• _Given data_
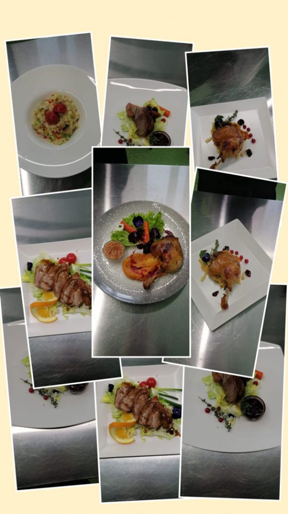 - prepararea sosurilor (brun, remoulad, tartar, alb, din vin, din cognac, reducții, sos de vișine, sos de ceapă caramelizată, sos de soia cu miere etc.)
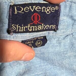 Revenge Shirtmakers Vintage Blue Chambray Military Style Button Down Size M
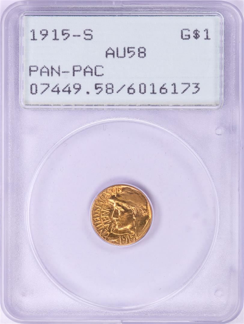 One 1915-S $1 Pan Pac Commemorative Gold Dollar Coin PCGS AU58 Green Rattler Holder. PCGS Graded.
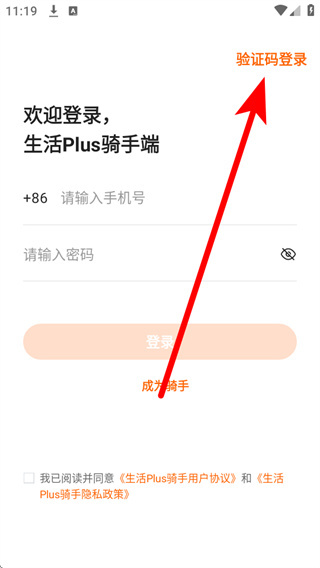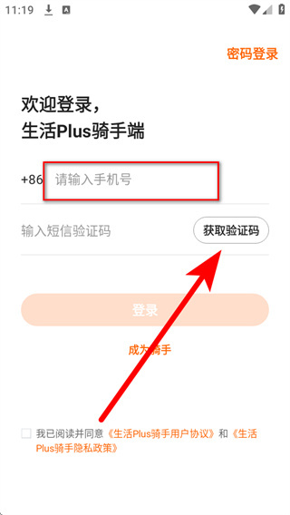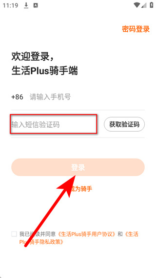 4、将收到的短信验证码填入验证码框,同时勾选相关协议后,点击登录,即可完成短信账号登录。
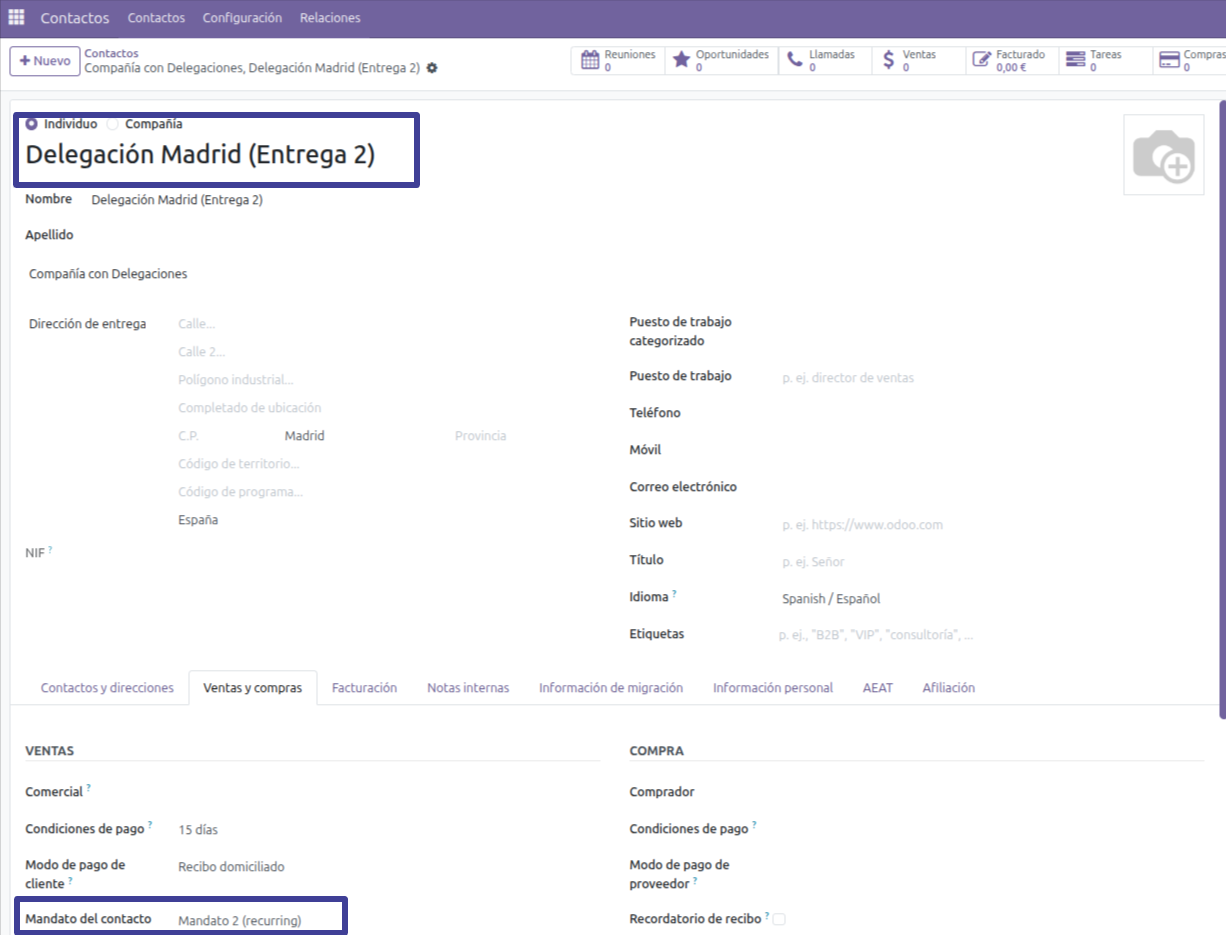 En el ejemplo, el cliente quiere que se entregue la mercancía en la Delegación de Madrid, y que se cobre la factura en el mandato que ha definido para ese contacto:
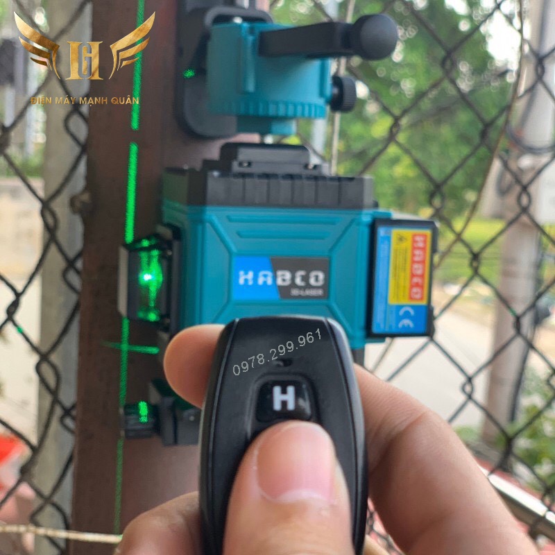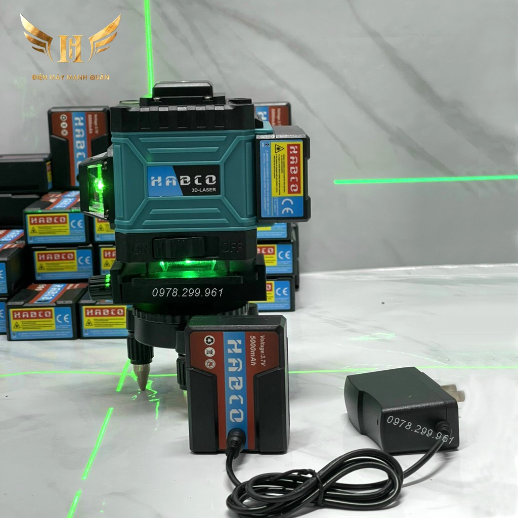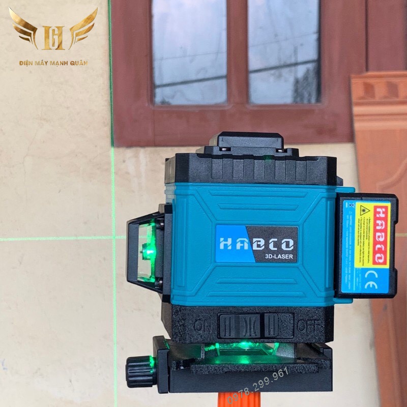 Máy Bắn Tia Laze, Máy Cân bằng 12 Tia Xanh HABCO - Cân Bằng Tự Động - 2 Pin Sạc - Tặng Kèm Chân Trụ 1m2

• _What is needed_
Leave out the pictures and copy every record above exactly.

• _Reply_
 - prepararea sosurilor (brun, remoulad, tartar, alb, din vin, din cognac, reducții, sos de vișine, sos de ceapă caramelizată, sos de soia cu miere etc.)
 Revenge Shirtmakers Vintage Blue Chambray Military Style Button Down Size M
 One 1915-S $1 Pan Pac Commemorative Gold Dollar Coin PCGS AU58 Green Rattler Holder. PCGS Graded.
 4、将收到的短信验证码填入验证码框,同时勾选相关协议后,点击登录,即可完成短信账号登录。
 En el ejemplo, el cliente quiere que se entregue la mercancía en la Delegación de Madrid, y que se cobre la factura en el mandato que ha definido para ese contacto:
 Máy Bắn Tia Laze, Máy Cân bằng 12 Tia Xanh HABCO - Cân Bằng Tự Động - 2 Pin Sạc - Tặng Kèm Chân Trụ 1m2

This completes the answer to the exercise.